As Yardeni notes, "51.8 percent of the companies have a positive sales surprise, but just 25.6 percent of the companies have sales up year-over-year."

That means sales fell at three-quarters of the companies, compared with a year earlier.

Profits up, sales down

At

Cigna Corp.

in Philadelphia, net income more than doubled, to $435 million for the second quarter, compared with last year. But most of the gain came from investment revaluations and cost cutting, including a freeze on the employee pension fund.

Sales for the firm's major business, health insurance, fell to $2.86 billion, from $3.07 billion, as membership in Cigna health plans fell to 11.2 million, down from 12.1 million a year earlier.

Cigna's after-tax profit margin on health insurance rose to 5.4 percent, from 5.2 percent a year earlier. How do you get more from less? By laying off workers (Cigna announced cuts in January), reducing procurement costs (which means paying vendors less), and cutting real estate costs, spokesman Chris Curran told me.

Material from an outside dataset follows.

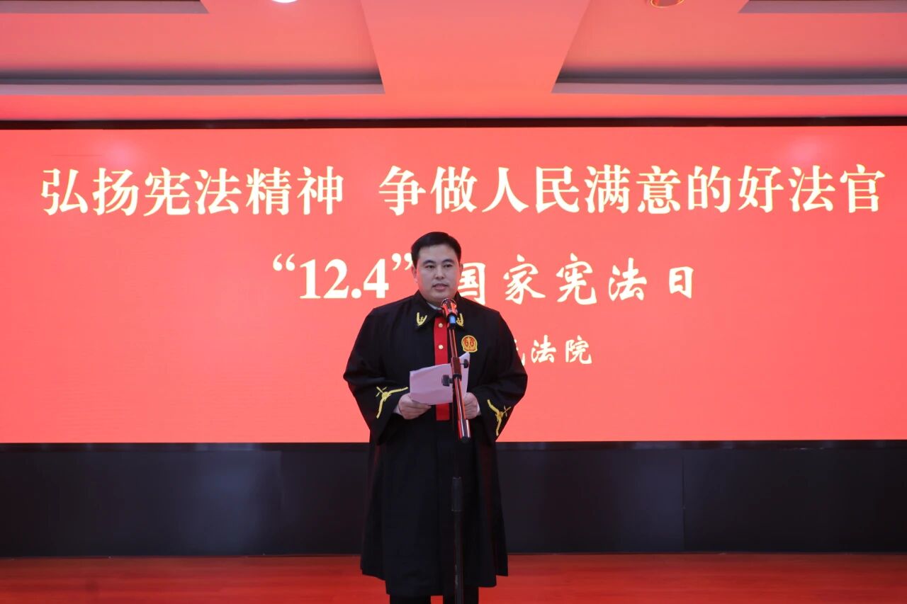 全体干警要紧紧围绕“弘扬宪法精神 争做人民满意的好法官”这一主题,担当作为,履职尽责。一要筑牢政治忠诚,做信念坚定的好法官;二要精进业务能力,做本领过硬的好法官;三要恪守为民宗旨,做群众满意的好法官;四要崇德修身,做清正廉洁的好法官。

In time, higher profits ought to lead companies to build up their businesses again, and hire people instead of cutting them. But until that happens large scale, we're not out of this recession in ways that matter.

Moo!

Dairy farmers don't get winters off like South Jersey vegetable growers. The rest of life - marrying, burying - is something you do between two milkings, every day, always. Plus pastures, haying, mucking, cleaning, silage, fuel, machines, regulations, debt.

Milk prices paid to farmers have fallen by half since 2007. Pennsylvania is home to 8,500 of the 65,000 U.S. dairy farms. Four Pennsylvania representatives are among 15 congressmen who this week re-formed a bipartisan "Congressional Dairy Farmers Caucus" in response.

You can see why Democrats Chris Carney and Kathy Dahlkemper and Republican Glenn Thompson joined: They represent the dairy belt across the state's north. But why is Democrat Joe Sestak, of crowded Delaware County and King of Prussia, in this group?

Urban congressmen might worry more about consumers, now enjoying cheaper milk, than farmers. But Sestak aspires to statewide leadership - Arlen Specter's Senate seat - so he is reaching upstate.

"We want to salvage these dairy farmers," while leaving "no impact on consumers," Sestak told me.

That is a tough marriage. The group's short-term goals, he says, include boosting federal subsidies to cover the gap between prices and costs. Longer-term, they want to limit "speculation" by commodities traders, set a national quota-and-price system to replace today's complex regional arrangements, boost exports with "incentives," and prod the government to buy more milk for public programs.

Sounds like higher prices. Maybe we cannot afford all the dairy farms we still have?

"It used to be millions," Sestak said. "I don't think there are too many. You don't want to pull the plug on 65,000. It's a very educated, hard-working population. You cannot forsake these regions."